BEGIN Task data

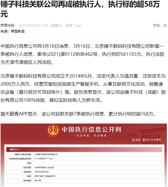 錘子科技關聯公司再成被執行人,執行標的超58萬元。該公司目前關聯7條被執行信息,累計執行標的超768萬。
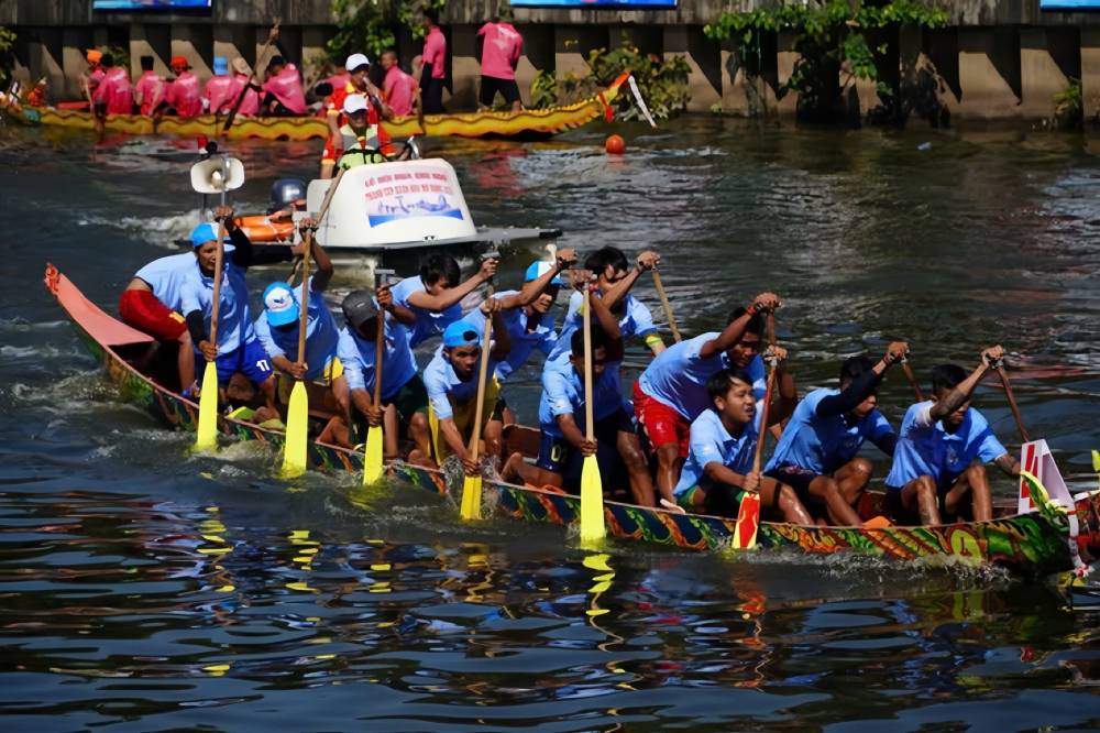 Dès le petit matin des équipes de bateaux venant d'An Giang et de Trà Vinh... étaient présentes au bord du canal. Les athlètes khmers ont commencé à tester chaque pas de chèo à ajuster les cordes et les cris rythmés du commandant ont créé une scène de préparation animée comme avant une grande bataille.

END Task data
BEGIN Task data

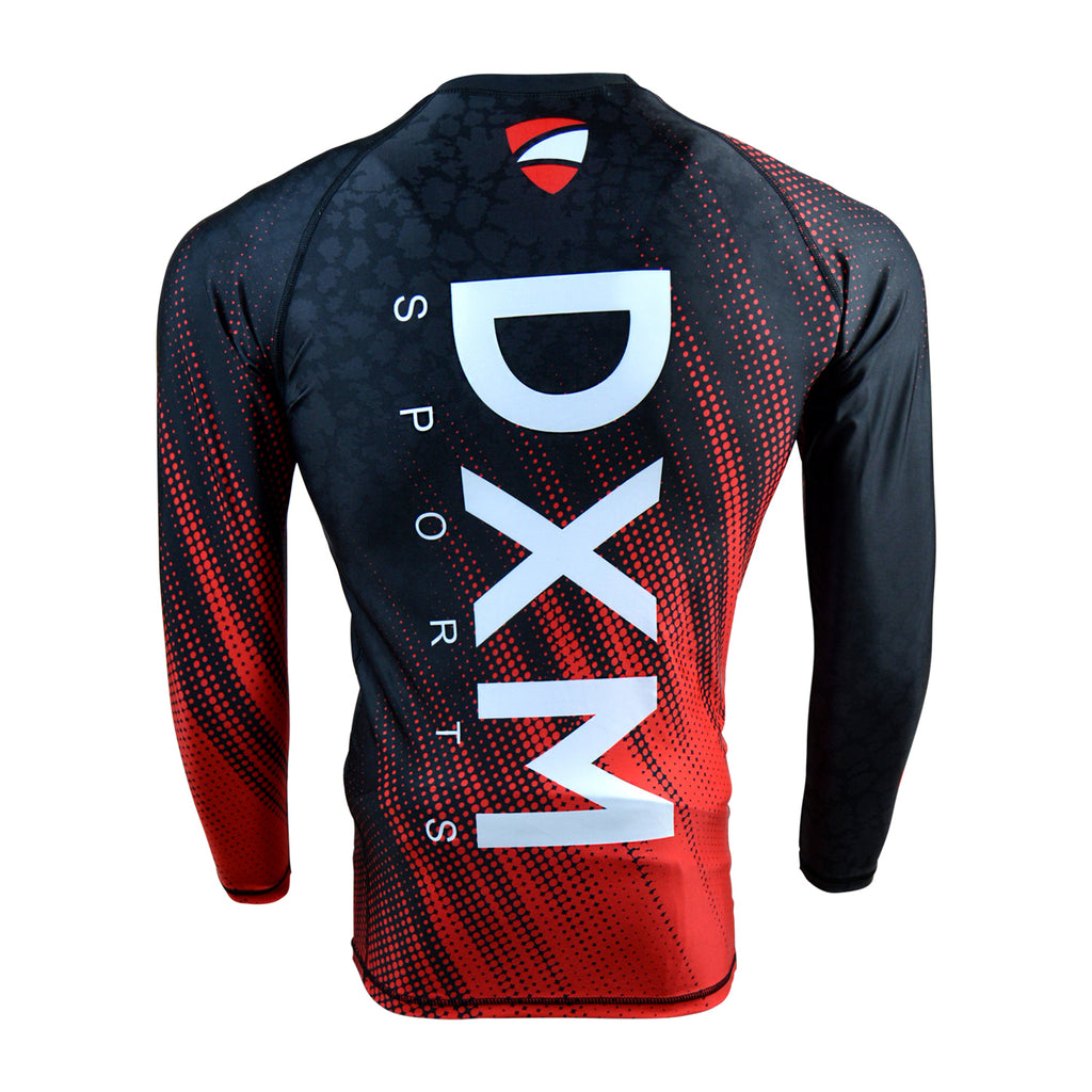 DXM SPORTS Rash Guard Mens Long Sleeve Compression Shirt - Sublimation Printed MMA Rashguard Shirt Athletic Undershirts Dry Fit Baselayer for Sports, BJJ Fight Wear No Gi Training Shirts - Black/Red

END Task data

Work order -> Between and including the line with "錘子科技關聯公司再成被執行人" and the line with "Dès le petit", repeat every line exactly as it appears above, with pictures left out.

Response ->
 錘子科技關聯公司再成被執行人,執行標的超58萬元。該公司目前關聯7條被執行信息,累計執行標的超768萬。
 Dès le petit matin des équipes de bateaux venant d'An Giang et de Trà Vinh... étaient présentes au bord du canal. Les athlètes khmers ont commencé à tester chaque pas de chèo à ajuster les cordes et les cris rythmés du commandant ont créé une scène de préparation animée comme avant une grande bataille.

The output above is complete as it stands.